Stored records
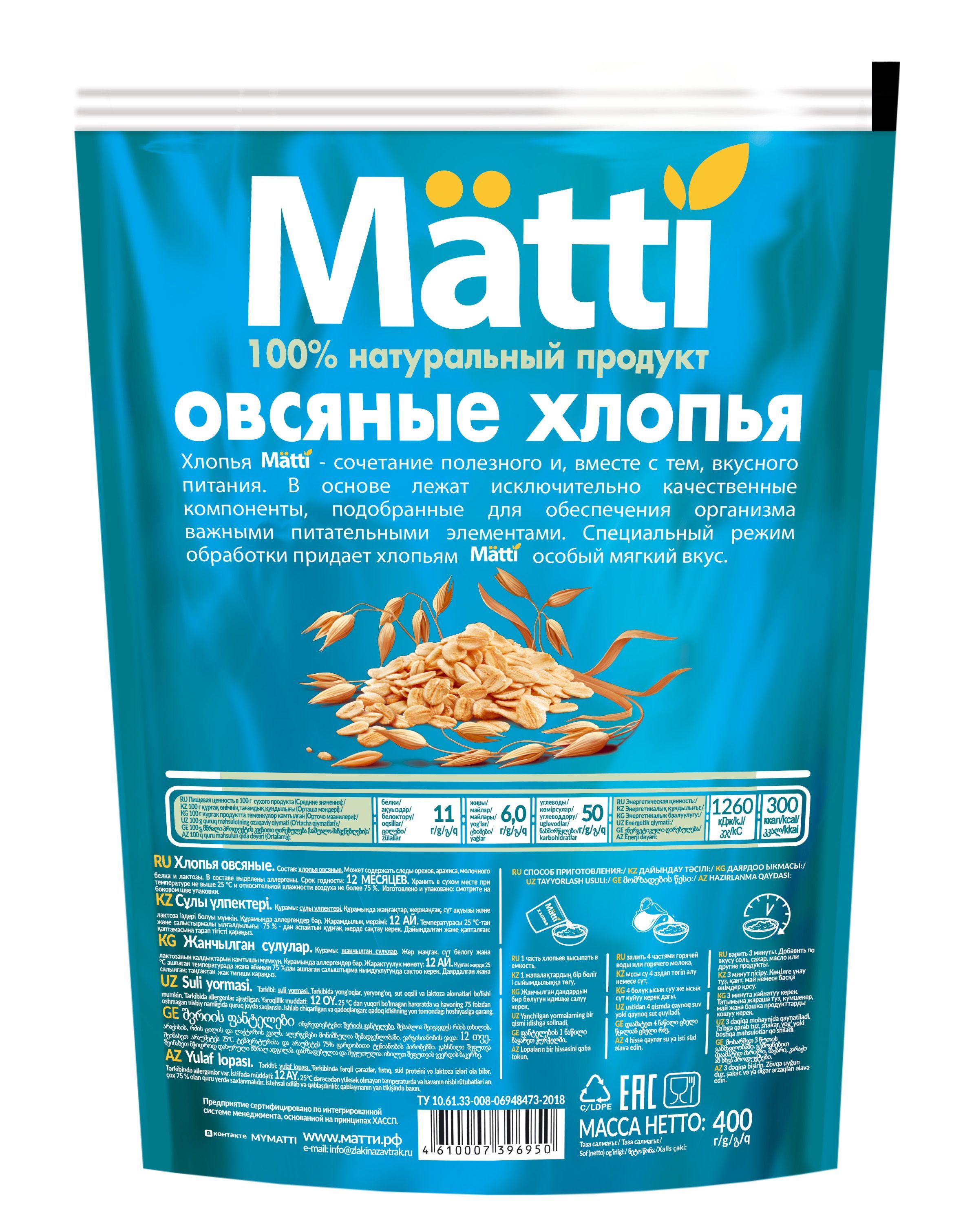 • Хлопья овсяные Matti (400 г) - хлопья быстрого приготовления (3 минуты). Особая технология производства сохраняет 95% полезных качеств данного продукта. Каша из овсяных хлопьев обладает мягким сливочным вкусом, благодаря специальной обработке овса. Пищевая ценность в 100 г сухого продукта: Белки - 11 г, Жиры - 6 г, Углеводы - 50 г. Энергетическая ценность: 300 ккал.
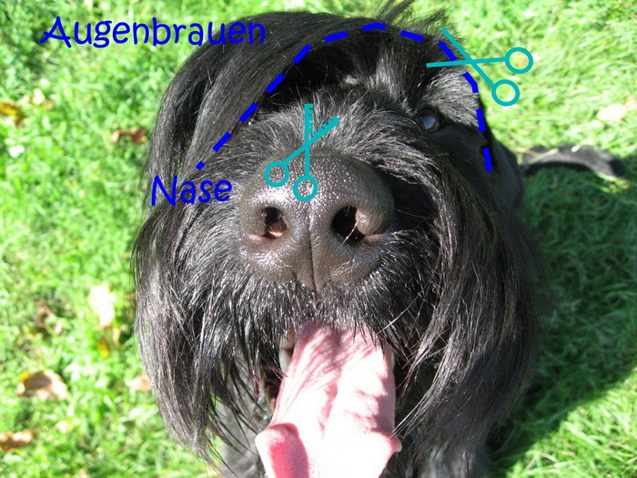 ... und die Stirn werden nur getrimmt mit dem kleinen Trimmstriegel und nicht geschoren.
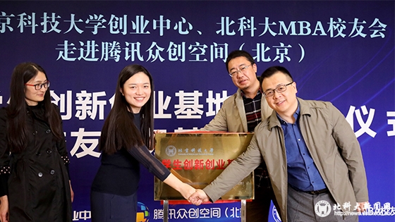 为进一步加强校企合作,整合相关资源,协同开展学生创新创业教育与创业项目扶持,我校与腾讯众创空间(北京)达成战略合作伙伴关系。4月8日上午,“91自拍 学生创新创业基地”揭牌仪式暨第三期“贝壳创业体验日”活动在腾讯众创空间(北京)举行。学校创业中心全体老师、腾讯众创空间代表、部分校友和在校生等50余人参与了活动。
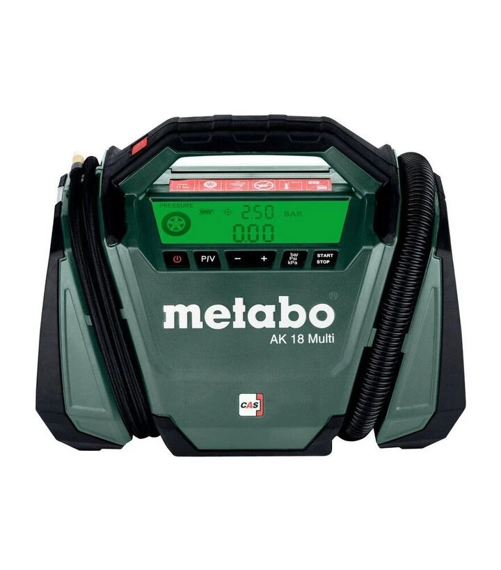 Metabo AK 18 Multi - багатофункціональний акумуляторний компресор для універсального використання: накачування автомобільних і велосипедних шин, м’ячів, надувних матраців, басейнів та інших виробів. Працює від акумуляторного блока 18 В або альтернативно від автомобільної мережі 12 В через комплектний кабель. Максимальний тиск становить 11 бар, продуктивність подачі - до 16 л/хв.
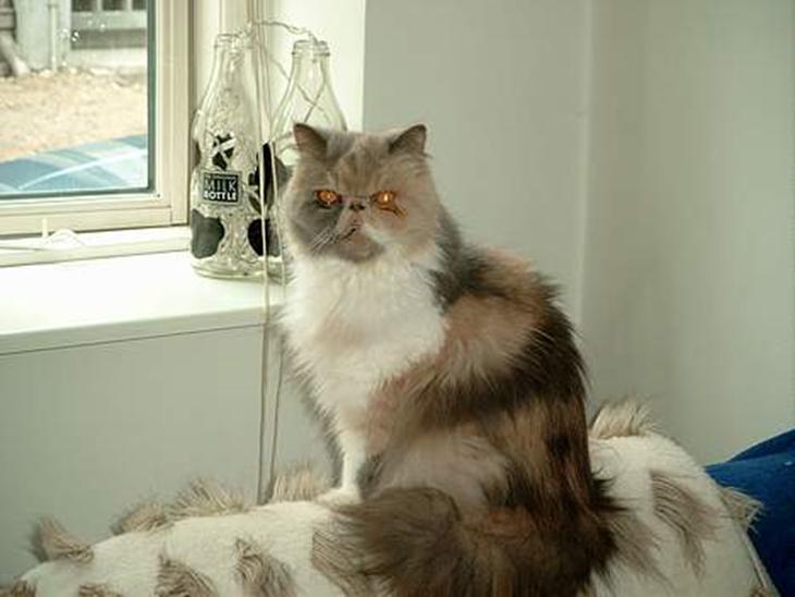 Bicolour Blå tortie-hvid. Rigtig lækker og fyldig pels med stor busket hale. Hvis bryst, mave og sokker.
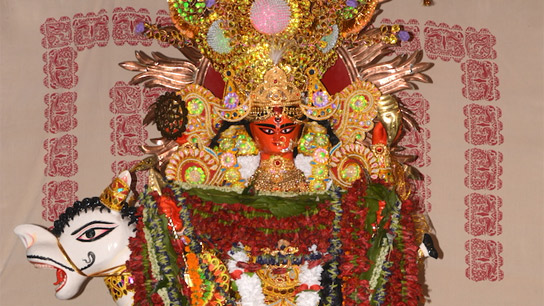 এখানে মায়ের মুখের রঙ শিউলি ফুলের কাণ্ডের মতো, দেবীর বাহন সিংহও ঘোটকমুখী।
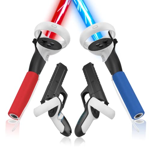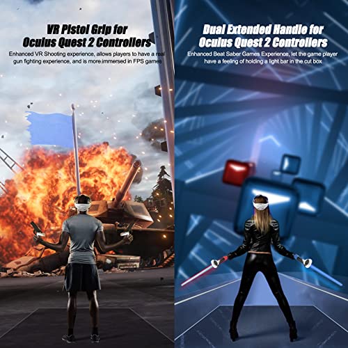 - [Enhanced VR Shooting/Beat Saber Games Experience] Esimen Oculus Quest 2 controller shell combination (Extended Handle and VR Game Gun for Meta Quest 2). Allows you to enjoy the experience of holding a pistol in a VR shooting game and a light bar in a Beat Saber game, bringing you a more advanced gaming experience.
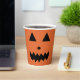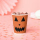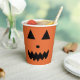 Orange Halloween paper cup featuring a funny pumpkin face for your Halloween party this year.
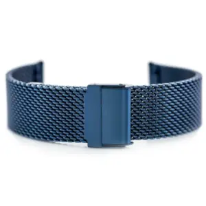 Kiváló minőségű, sötétkék színű acél milánói óraszíj elegáns, finom hálós kialakítással.
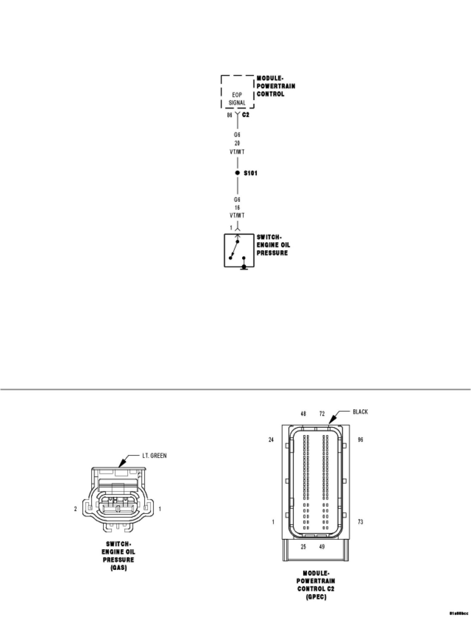Measure the resistance of the (G6) EOP Signal circuit between the Engine Oil Pressure Switch harness connector and the Powertrain Control Module (PCM) harness connector.
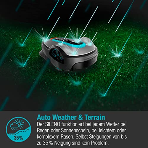 Gardena SILENO life: Mähroboter für Rasenflächen bis 750 m², Bluetooth-App bedienbar, Easy-Passage-Funktion, mit 57 db(A) sehr leise, Steigungen bis zu 35 Prozent, mäht bei jedem Wetter (15101-20)
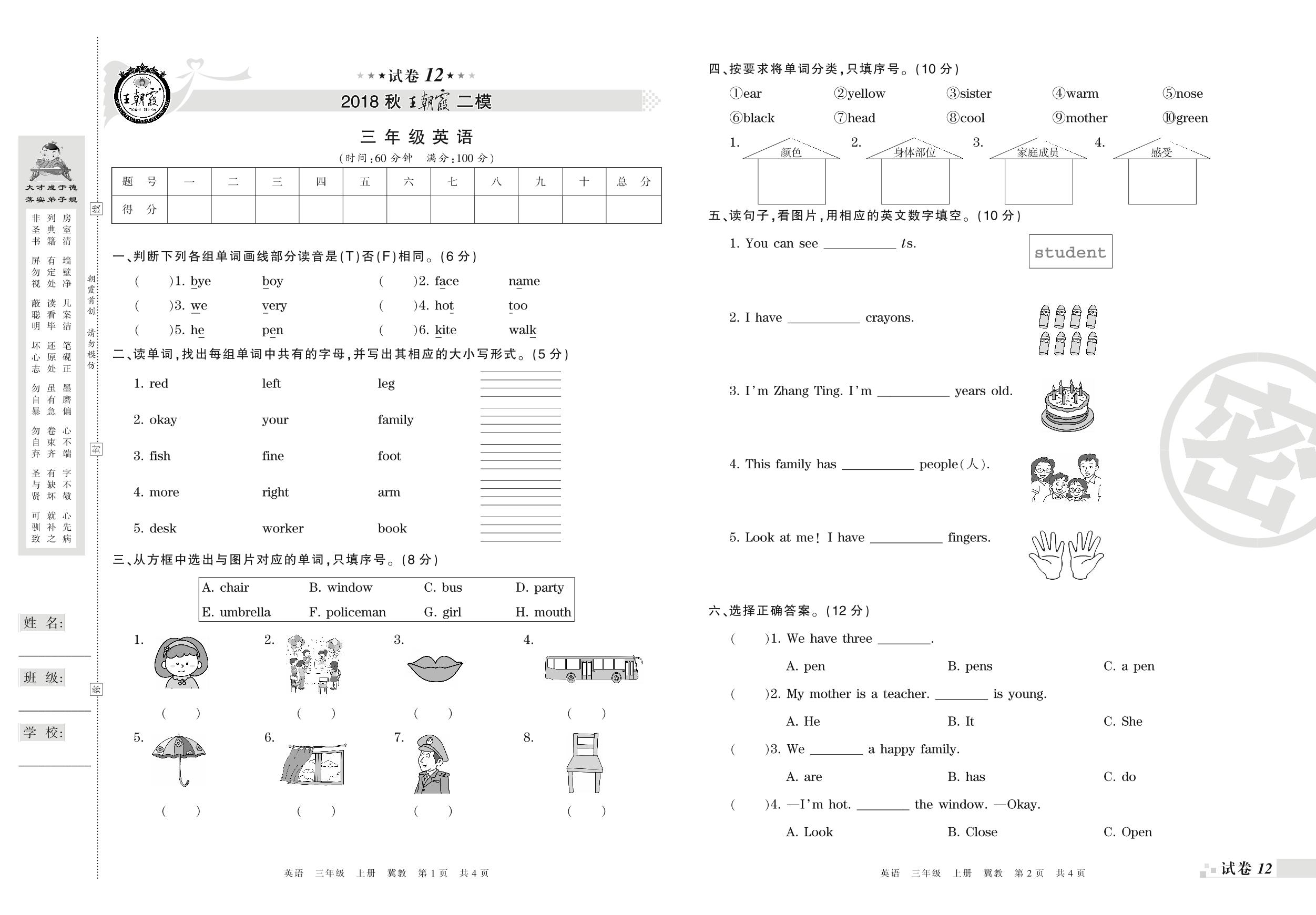 王朝霞期末模拟卷三年级上册英语(冀教版)_R210806194747【12】
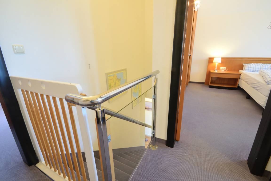 Über eine Treppe, welche mit Kinderschutzgittern versehen ist, gelangen Sie in das Obergeschoss. Hier befindet sich das größere Badezimmer mit Badewanne, WC, Waschbecken, Badewannen- Wickelauflage und Fenster mit Blick über die Halbinsel.
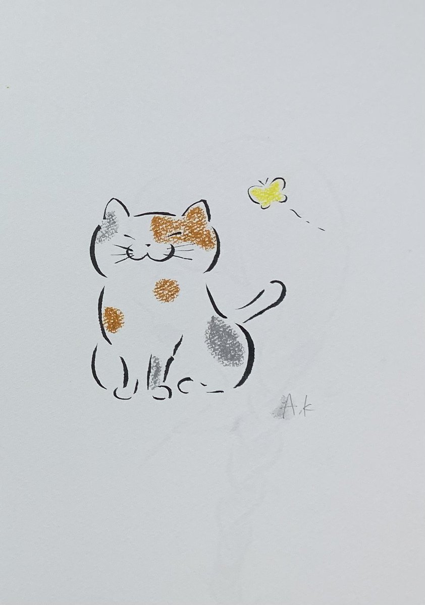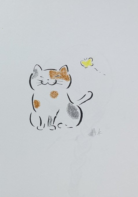 0 1 ちょうちょとねこ。 #クレヨン画 #クレヨン #筆ペン #イラスト #アート #art #artwork #アナログ絵 22/09/29 19:38
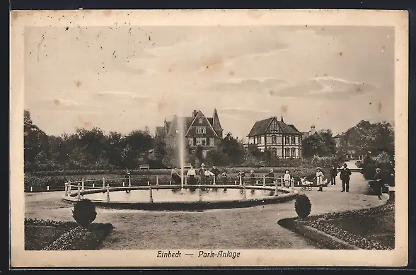 AK Einbeck, Park-Anlage mit Springbrunnen, Villen
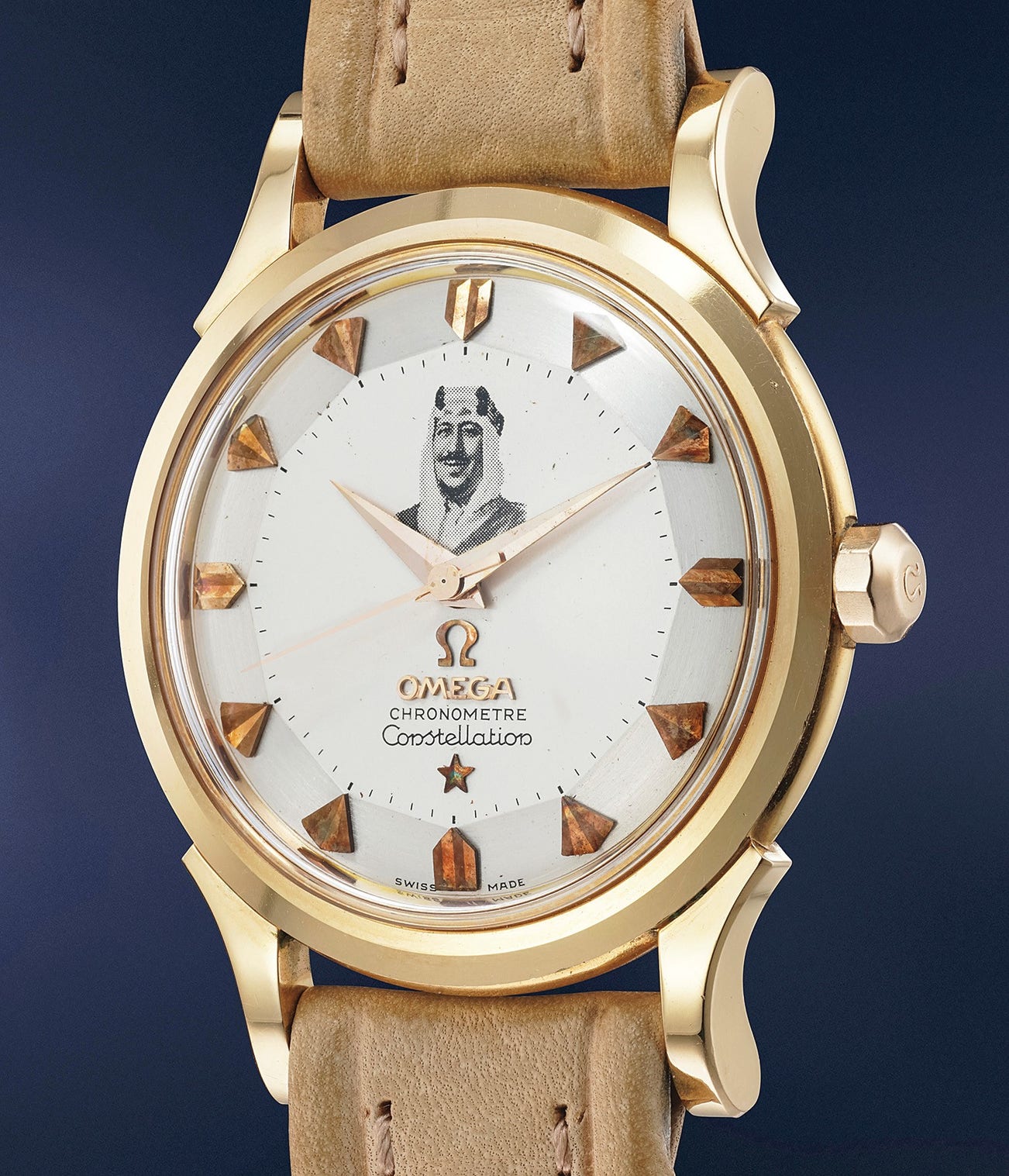 The present example is obviously and immediately set apart from the rest due to its bespoken dial bearing the effigy of the King of Saudi Arabia. Clearly a special order, this watch is an example of bespoken royal timepiece, a custom relatively widespread among middle-eastern crowned heads.

Task prompt — Return, exactly as they stand, the lines above from the one with "und nicht geschoren." to the one with "为进一步加强校企合作,整合相", omitting any pictures among them.

Task answer —
 ... und die Stirn werden nur getrimmt mit dem kleinen Trimmstriegel und nicht geschoren.
 为进一步加强校企合作,整合相关资源,协同开展学生创新创业教育与创业项目扶持,我校与腾讯众创空间(北京)达成战略合作伙伴关系。4月8日上午,“91自拍 学生创新创业基地”揭牌仪式暨第三期“贝壳创业体验日”活动在腾讯众创空间(北京)举行。学校创业中心全体老师、腾讯众创空间代表、部分校友和在校生等50余人参与了活动。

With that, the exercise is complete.